Assim, conseguiram tapar completamente e ocupar monocordiamente o espaço de discussão, porque escrevi uma tese, em 1958, que defendi em Roma, dizendo que aquilo era a mesma coisa: monetarismo e estruturalismo, desenvolvimentismo cepalino – a Cepal era e é um órgão da ONU também, tal como o FMI, dominado pelos sócios maiores. Era tudo farinha do mesmo saco. O objetivo era evitar a discussão do problema principal daquela ocasião.  

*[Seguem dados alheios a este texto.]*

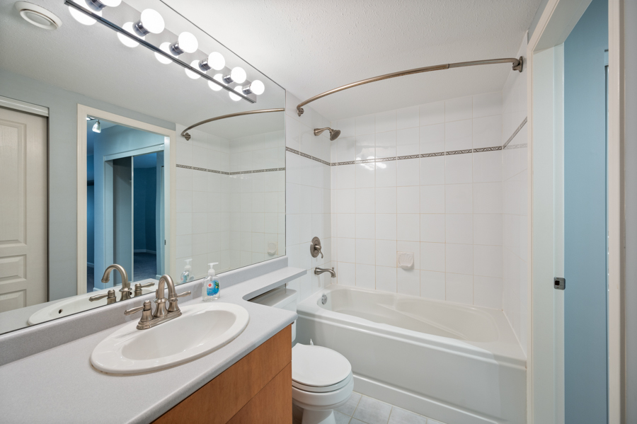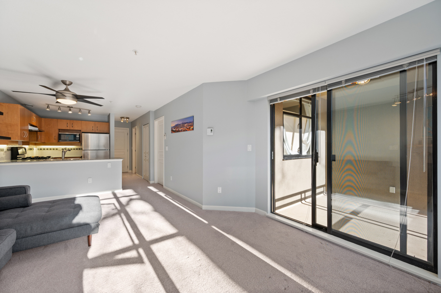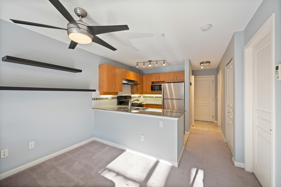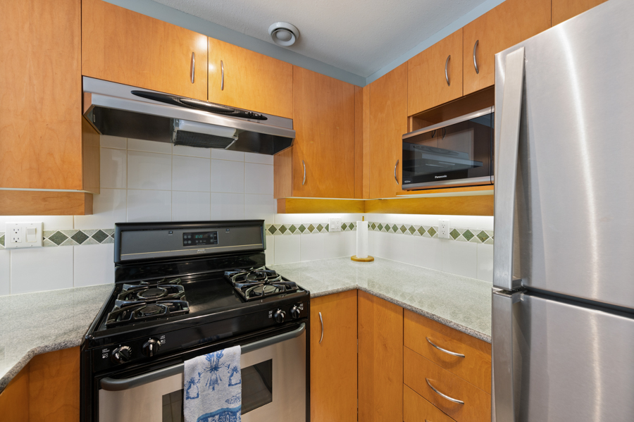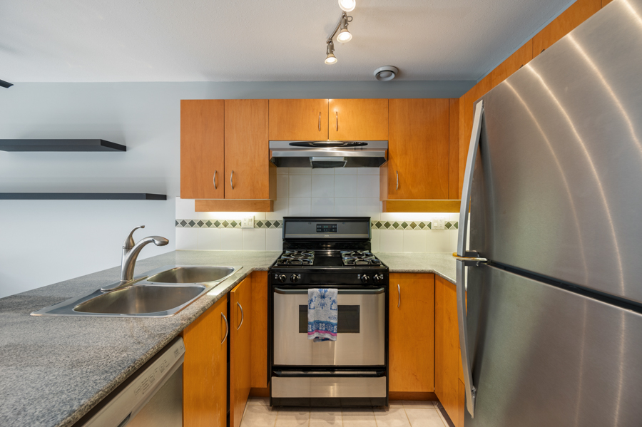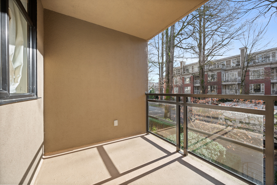 Features in this 2nd floor unit include a gas fireplace, open plan kitchen with granite countertops and stainless steel appliances: fridge, gas stove, and dishwasher, spacious bedroom with direct access to the washroom, den/flex space, private covered balcony, and in-suite washer and dryer
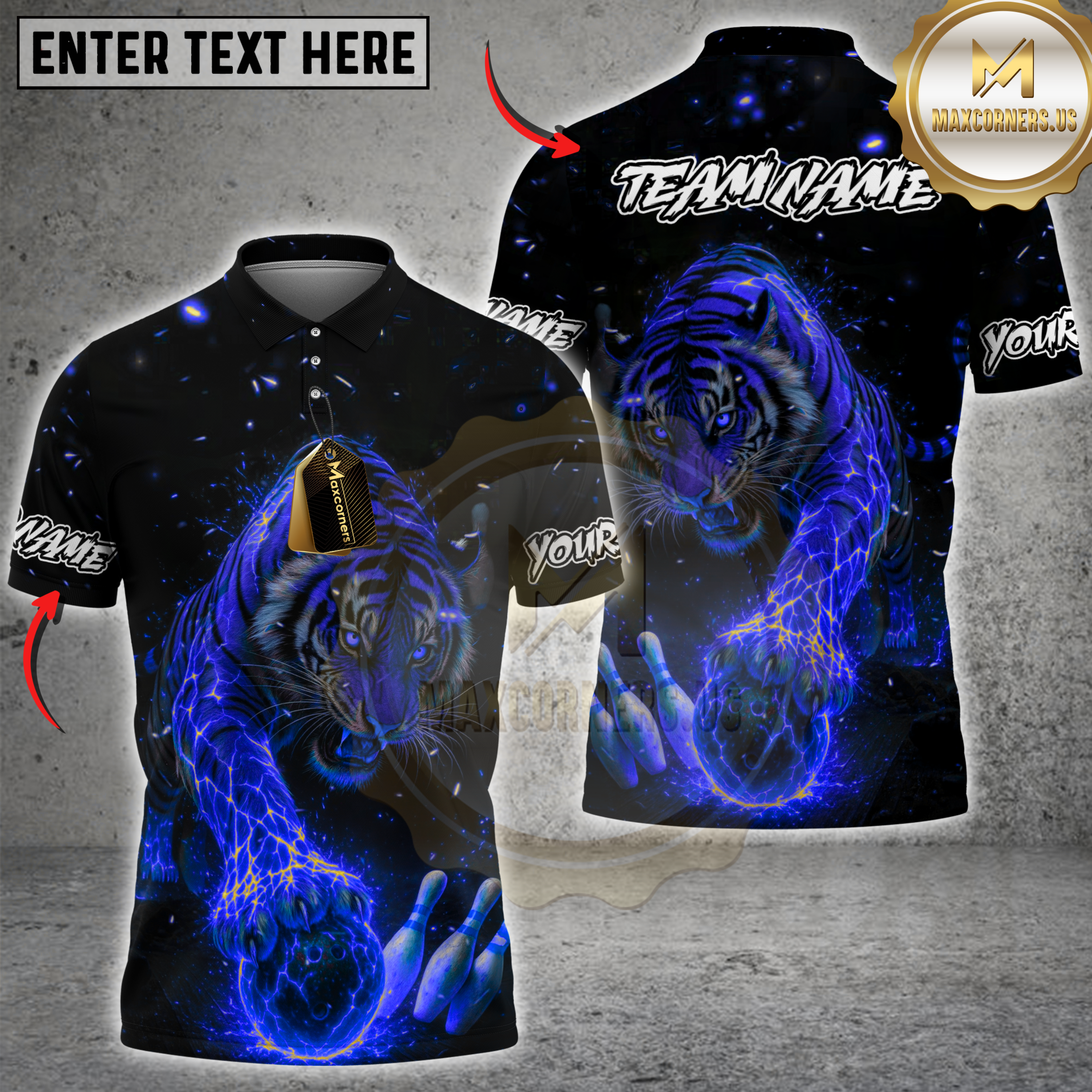 Maxcorners Bowling Fire Tiger Multicolor Customized Name, Team Name 3D Shirts

Em 1958, Roberto Campos fez uma palestra, no Chile, em que falou a mesma coisa. Os estruturalistas são os monetaristas no poder, disse com humor e percuciência o Sr. Roberto Campos.  

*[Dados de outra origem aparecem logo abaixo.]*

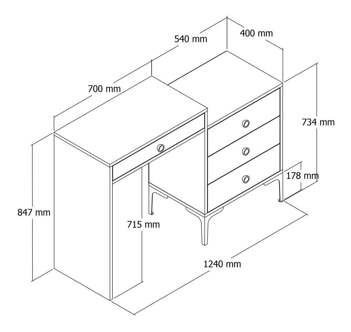 grosime: 18 mm, mâner metalic picioare metalice, dimensiuni comodă: lățime: 124 cm, înălțime: 84,7 cm, adâncime: 40 cm, înălțime picioare: 17,8 cm
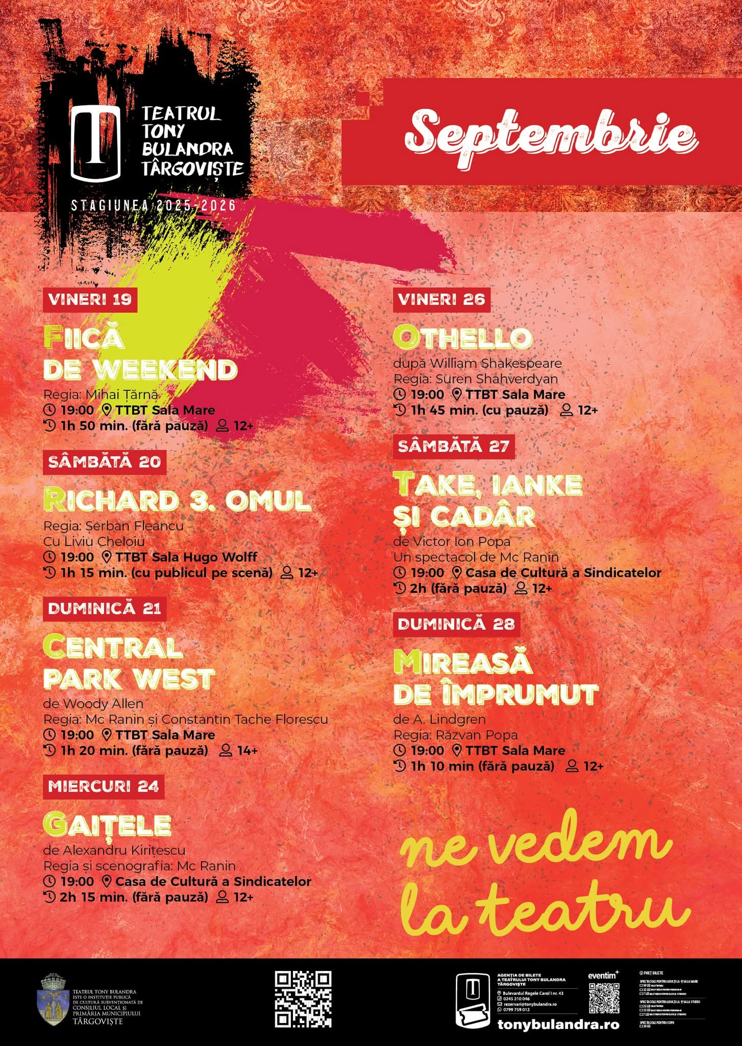 Luna aceasta, Teatrul Tony Bulandra din Târgoviște aduce pe scenă o serie de reprezentații captivante pentru toate gusturile: comedii savuroase, drame emoționante și spectacole pentru copii. Fiecare reprezentație promite să transforme o seară obișnuită într-o experiență culturală de neuitat.

Depois, tivemos necessidade de encontrar uma dicotomia, de encontrar uma divisão, para evitar a discussão do principal, para ocupar todo o espaço de discussão. Naquela ditadura, a partir de 1964, não havia o que discutir, porque quem está na cadeia não tem, obviamente, espaço para o discurso e para o debate. Eu, na universidade, esperava que, um dia, viessem debater comigo; ao invés disso, mandaram-me ameaça de morte, o que não é debate universitário. De modo que fui compreendendo melhor as coisas.  

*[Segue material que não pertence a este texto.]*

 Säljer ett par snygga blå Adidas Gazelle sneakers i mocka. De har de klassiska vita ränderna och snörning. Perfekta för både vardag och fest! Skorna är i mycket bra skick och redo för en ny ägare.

A partir de certo momento, a própria revolução se dividiu em duas alas. Uma ditadura monolítica se racha em duas alas: a linha dura, uma criação da imaginação, e a antilinha dura, os democratas da ditadura, os da "democradura". Então, com essa discussão, "Olha, cuidado! Se vocês não aceitarem isso, isso e isso, a linha dura vem aí e vai fazer pior", com esse arranjo político, com essa divisão inteligente, eles conseguiam muito apoio para as suas medidas duríssimas, ameaçando que poderia vir algo pior de uma tal de linha dura, que nunca se identificou.  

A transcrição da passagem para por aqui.